I am a strange guy, with strange taste. Everyone who knows me knows this is the case. I have odd taste in clothing, music, and entertainment. But perhaps the most vexing of all my peccadilloes is my penchant for crap candy and my attendant dislike of most quality desserts.

I don’t like chocolate, I don’t like cake, and I hate cookies.

I love Skittles, Ju-ju-bees, Starburst fruit chews, Clark Teaberry gum, FruitStripe gum, and Necco Wafers—especially the white ones, the ones that taste like anise. I like anise candy.

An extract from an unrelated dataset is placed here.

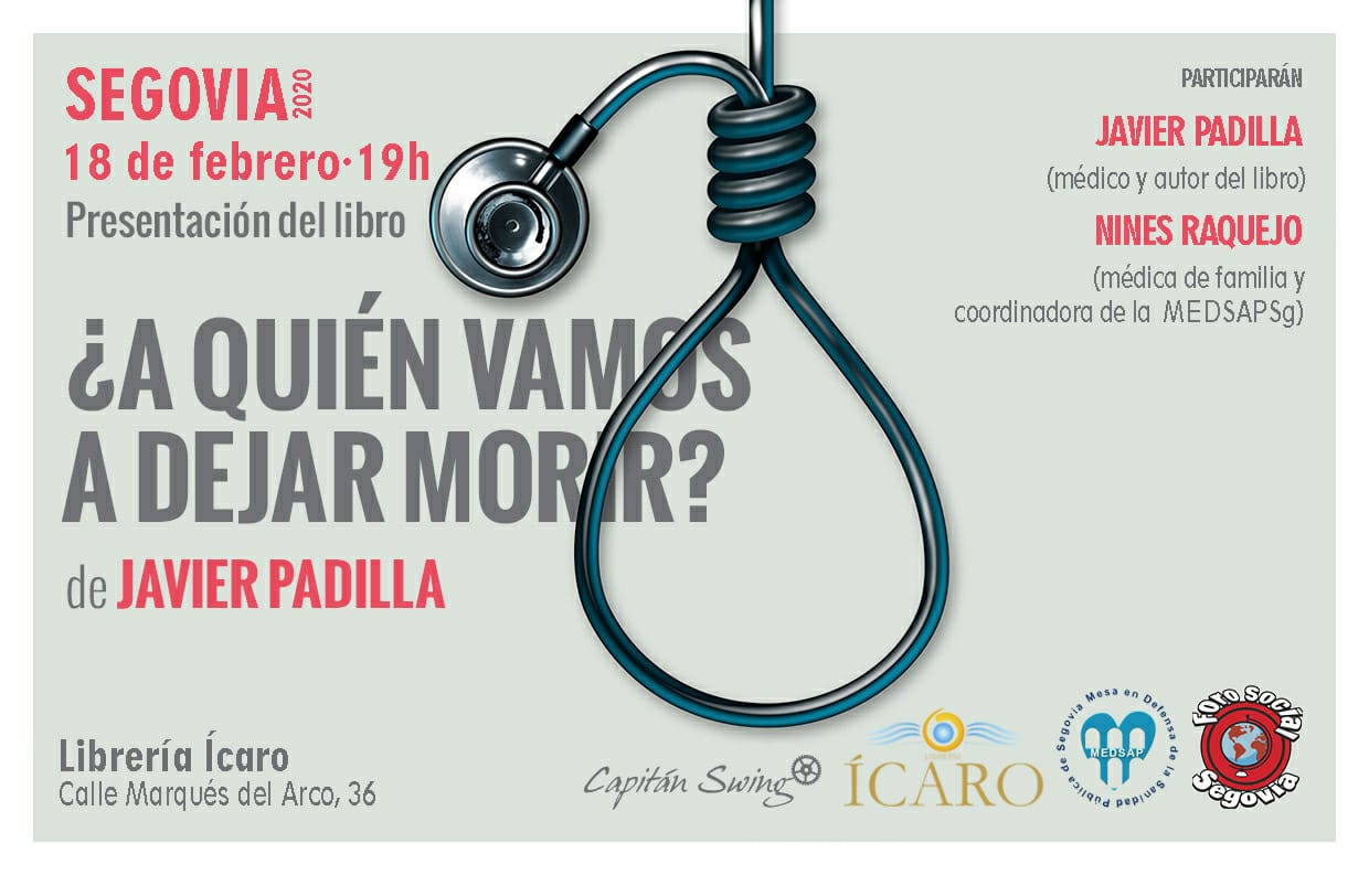 Presentación del libro “¿A quién vamos a dejar morir” en Librería Ícaro de Segovia Presentación del libro ¿A QUIÉN VAMOS A DEJAR MORIR? de JAVIER PADILLA. 18 de febrero, a las 19h,

This has confounded my wife, friends, family and co-workers for centuries. But today, my boss could stand it no more. Every time a birthday rolls around at my office, we go out for lunch, and the birthday person is greeted back at the office sometime that afternoon with a big chocolate monstrosity with chocolate filling and chocolate icing, served on chocolate plates with chocolate utensils. Chocolate is misted into the air in a subtle coccoa/water blend with a commercial sprayer. Chocolate, chocolate, chocolate. Chocolate. Chocolate.

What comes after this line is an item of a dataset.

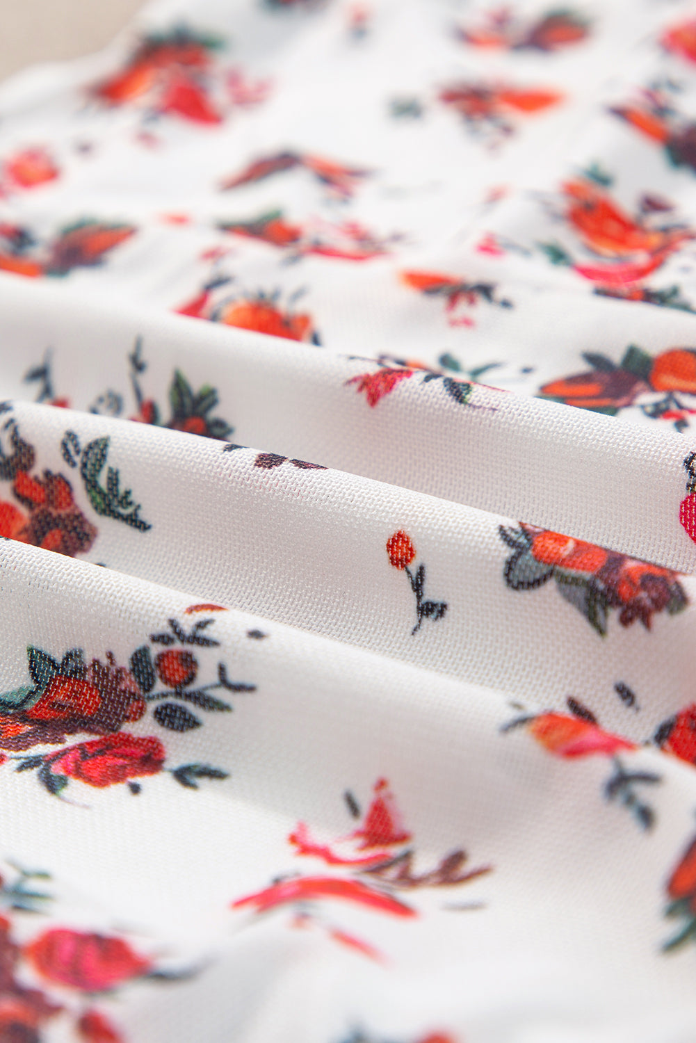 White Floral V Cut Frilled Trim Spaghetti Straps Bodysuit

But every April Fool’s Day, there is no joy in Chocolateville. On my birthday (yes, April Fool’s Day is my birthday and I’ve already heard all the lame jokes), I demand that we go to Duke’s for calamari and blazing hot sauce, and then get back to work already. But as I said, my boss just couldn’t shake that habit of post lunch sweets, and so he set about planning another one of his elaborate schemes. This time he outdid himself. He concocted a sugary monstrosity that I just had to love—and I did.

My co-workers called me over to the lunch table to reveal a candy cake. A candy cake, so help me god. Ringed with jellied fruit slices, it was filled with a mixture of Sour Patch Kids, Skittles, and two brands of jelly beans, in various flavors. It was topped with brilliant red gum drops that bore an uncanny resemblance to a rope of that icing crap most poeple like on their chocolate cakes. The cake presentation tray was topped off with an artful splashing of gummy worms, which this author feels really made the dish. Indeed; the gummy worms were so delightful that this author was already gnawing on one before “Happy Birthday” was completed, and he may have spit a little on the “cake” while blowing out the candles.

My birthday is over, but I am still very much blown away by this presentation, and the thought and effort that went into it. Thanks Richard, and to the gang at RDG.